Algeria: on the Brink Of Government Crisis
Assassination of former prime minister triggers wave of instability
THE recent assassination of Kasdi Merbah, a former prime minister, outside of Algiers constitutes yet another troubling development in Algeria's slide toward instability. It is unclear who was behind this latest act, even though the Islamic movement is a suspect, according to the government.
Adding to the confusion, Belaid Abdesslam was removed as the country's prime minister and replaced by Redha Malek. But this latest change at the top will not help the country. What is needed is a bold move forward on both the political and economic fronts. Unless this occurs, Algeria seems likely to plunge into chaos, with political implications far beyond its borders.
The first major issue that the country needs to address relates to the deadlock in the political situation of the country. Clearly, a decision needs to be made soon about how to proceed. Last May, Ali Kafi, head of the High Council of State, promised a referendum at the end of this year. He was vague, however, about the nature and purpose of the referendum. This appears to reflect either a serious division at the top or total confusion on the part of the leadership as to how to deal with the crisis.
Even before the national elections, some members of the Majlis Ashura (consultative council) openly expressed their disagreement with the top leadership of the Islamic Salvation Front (FIS). Finally, a more aggressive group from within the Islamic movement, the Armed Islamic Movement, or MIA, appears to operate independently of the core of the FIS. It is unfair to conclude that all FIS supporters agree with the violent methods used by the MIA.

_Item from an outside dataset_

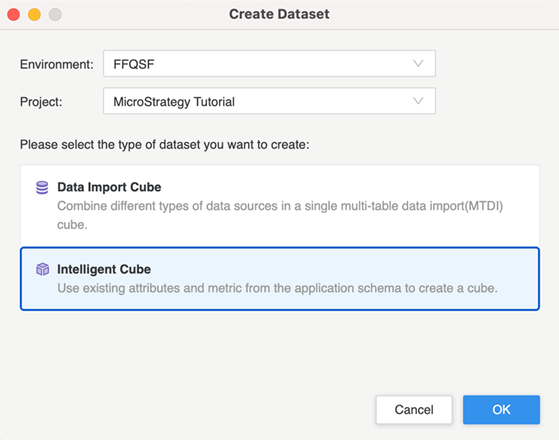 Sélectionnez l'environnement et le projet où vous souhaitez enregistrer votre Cube intelligent, sélectionnez Cube intelligent, et cliquez sur OK.

Nevertheless, the group is there and something needs to be done to defuse the situation.
An Algerian newspaper, L'Hebdo Libere, alleges that soon after the cancellation of national elections in January 1992, Iran targeted Algeria for a violent antigovernment campaign. The objective, according to the same paper, was to destabilize the Algerian government.
Though both Iran and Sudan have helped foment unrest in Algeria, the rise in Islamic fundamentalism in Algeria is a home-grown phenomenon. Without initial popular support from within the country, the two countries would not have been able to do much. It is equally important to note that an answer to the current Algerian crisis needs to come from within. The rise of the FIS would have occurred regardless of what Iran or Sudan did.
The authorities need to decide if a dialogue with the FIS is worth pursuing, and under what conditions. During a transitional period, a government of national unity comprised of members of all the major parties could be formed (without excluding the FIS). But, ultimately, free elections need to take place with the understanding that, should the FIS, for example, get to power, it cannot alter or amend the constitution in order to turn Algeria into an Islamic state and abolish the multiparty system.
This may go a long way toward ensuring that commitment of the FIS to democracy is not one election deep. Such a scenario was apparently considered by the authorities prior to the canceling of the elections in January of last year, but the risks were deemed too great.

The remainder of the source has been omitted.